There were no references – or even filmic inserts – of the many iconic British talents who have enriched our appreciation over the years for great acting; Elizabeth Taylor, Richard Burton, Peter O’Toole, Charlie Chaplin, Laurence Olivier, Peter Finch, Rex Harrison, James Mason, Cary Grant, Ronald Colman, David Niven, Peter Sellers et al. These, and others like them, apparently had no place in Boyle’s chaotic thrashing. And neither did the likes of Tom Jones, Lulu or Petula Clark when it came to celebrating the country’s contributions to music. Instead, Boyle’s production was top heavily focused on the noisier bands that marked England’s pop culture. As if to further snub the stately grandeur of the monarchy, Boyle included a fleeting insert of the Sex Pistols’ God Save The Queen – a notorious revision of the more traditional anthem once banned in England.

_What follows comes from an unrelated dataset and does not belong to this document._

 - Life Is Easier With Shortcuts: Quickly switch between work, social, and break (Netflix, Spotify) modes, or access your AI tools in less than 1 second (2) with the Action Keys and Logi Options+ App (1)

Save the always welcome parade of nations – a staggering display of 10,500 athletes entering the stadium en masse, the overall tone and mood of the opening ceremonies was more dark than colorful. P.L. Traver’s Mary Poppins looked more like one of the chimney sweeps; an umbrella toting gargoyle dressed entirely in black as she descended from out of the clouds.  For the grand finale, soccer legend David Beckham drove a raging speedboat beneath Tower Bridge with one of the torch bearers firmly clutching a bizarre trumpet-shaped funnel of flames.
But the igniting of the central torch in Olympic Stadium was somewhat diffused by having seven teenage athletes share in the moment. Meant to show solidarity among all athletes, this united front instead became something of a postmodernist apology and/or footnote to the way competition in all aspects of life – not just sports – is viewed today. There are no winners or losers – just one great community of achievers.

Prior to unleashing his noisy three hour plus stomp and grind, with its stovepipe hatted gentlemen and infantilized milkmaids performing some truly out of sync choreography that, at least at times looked like a painfully bad homage to either Vanilla Ice or M.C. Hammer, Danny Boyle went public with a forewarning of what we were to expect.

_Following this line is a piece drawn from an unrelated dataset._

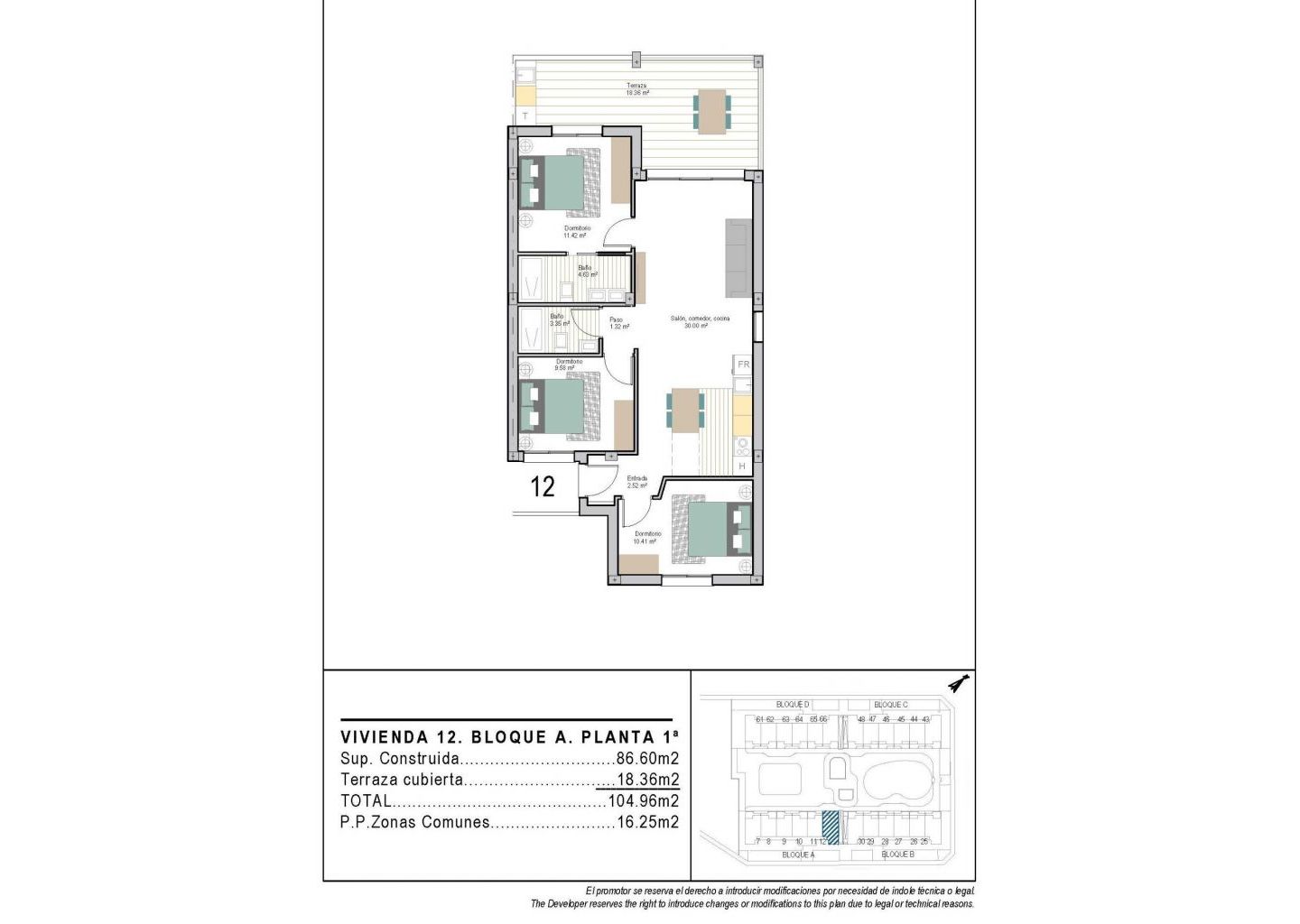 Современные новые апартаменты в Сан-Каэтано, Торрепачеко, Мурсия Современная жизнь в спокойной средиземноморской обстановке Этот эксклюзивный новый жилой комплекс расположен в Сан-Каэтано, Мурсия, входящем в состав муниципалитета Торре-Пачеко, всего в 9 км от моря и в окружении нескольких известных полей для гольфа. Проект сочетает в себе спокойствие, комфорт и современный дизайн, предлагая идеальную среду для постоянного проживания, отдыха или инвестиций на побережье Коста-Калида. Комплекс состоит из 72 квартир с 2 и 3 спальнями и 2 ванными комнатами, одна из которых примыкает к спальне, распределенных по четырем современным зданиям. Также запланирована вторая фаза строительства с бунгало и виллами, что добавит еще больше ценности и привлекательности этому району. Специально спроектированные общие зоны для отдыха и хорошего самочувствия Жители смогут наслаждаться тщательно благоустроенными общими зонами, которые включают два бассейна, красивые сады и полностью оборудованный тренажерный зал. Эти зоны создают приятную и социальную среду, где соседи могут расслабиться, позаниматься спортом и насладиться средиземноморским образом жизни. Жилой комплекс также оснащен фотоэлектрическими солнечными панелями мощностью 40 кВт, которые помогают покрыть расходы сообщества на электроэнергию, способствуя созданию более устойчивой и энергоэффективной среды проживания. Квартиры с частными открытыми пространствами и солярием Каждая квартира спроектирована так, чтобы максимально использовать преимущества жизни на открытом воздухе. Квартиры на первом этаже имеют частные сады, квартиры на втором этаже — просторные террасы, а квартиры на верхнем этаже — террасы и частные солярии на крыше. Все квартиры имеют летнюю кухню на террасе или солярии, идеально подходящую для наслаждения солнцем круглый год. Все дома имеют открытое парковочное место и частное помещение для хранения вещей в подвале, что добавляет дополнительного удобства и практичности. Качественные характеристики и энергоэффективные установки Эти новостройки сдаются с качественной отделкой и современными установками, обеспечивающими комфорт и функциональность, в том числе: Полностью оборудованная кухня с бытовой техникой Полностью оборудованные ванные комнаты с мебелью, зеркалами, освещением и душевыми перегородками Предварительная установка для канального кондиционирования Аэротермальная система для горячей воды Сочетание современных материалов и энергоэффективных систем делает эти дома идеальными для круглогодичного проживания. Отличное расположение рядом с гольф-полями, пляжами и инфраструктурой Сан-Каетано — тихий и хорошо связанный с инфраструктурой поселок с местными удобствами, магазинами и услугами. Его стратегическое расположение позволяет легко добраться до пляжей, гольф-полей и основных транспортных узлов. Ключевые расстояния до достопримечательностей: Пляжи Мар-Менор — 9 км Рода-Гольф — 6 км Гольф-клуб La Serena — 14 км Лос-Алькасарес — 10 км Картахена — 30 км Аэропорт Мурсия-Корвера — 25 км Аэропорт Аликанте — 90 км Забронируйте свою недвижимость в Сан-Каетано сегодня Этот современный жилой комплекс предлагает отличную возможность насладиться средиземноморским образом жизни в тихом, но хорошо связанном с транспортной инфраструктурой рай

“You can’t get bigger than Beijing,” said Boyle, “We’ll try and do something different.” Last night’s opening ceremony was just that – different! But there was no pomp and pageantry to any of it: just a lot of overzealous vulgarity and clamor, a woefully strained attempt to mask the rather miniscule $40 million dollar budget, dwarfed by Beijing’s $100 million dollar super spectacular.  

Money isn’t everything. And arguably, another director could have done much more or even better on a budget half as much. But was England’s opener truly worthy of the time-honored Olympic spirit? While the Queen, Prince William and Kate understandably looked as though they would rather be elsewhere for most of the festivities, a gregarious showman dedicated to the glorification of such ostentation like Florenz Ziegfeld would not have been surprised.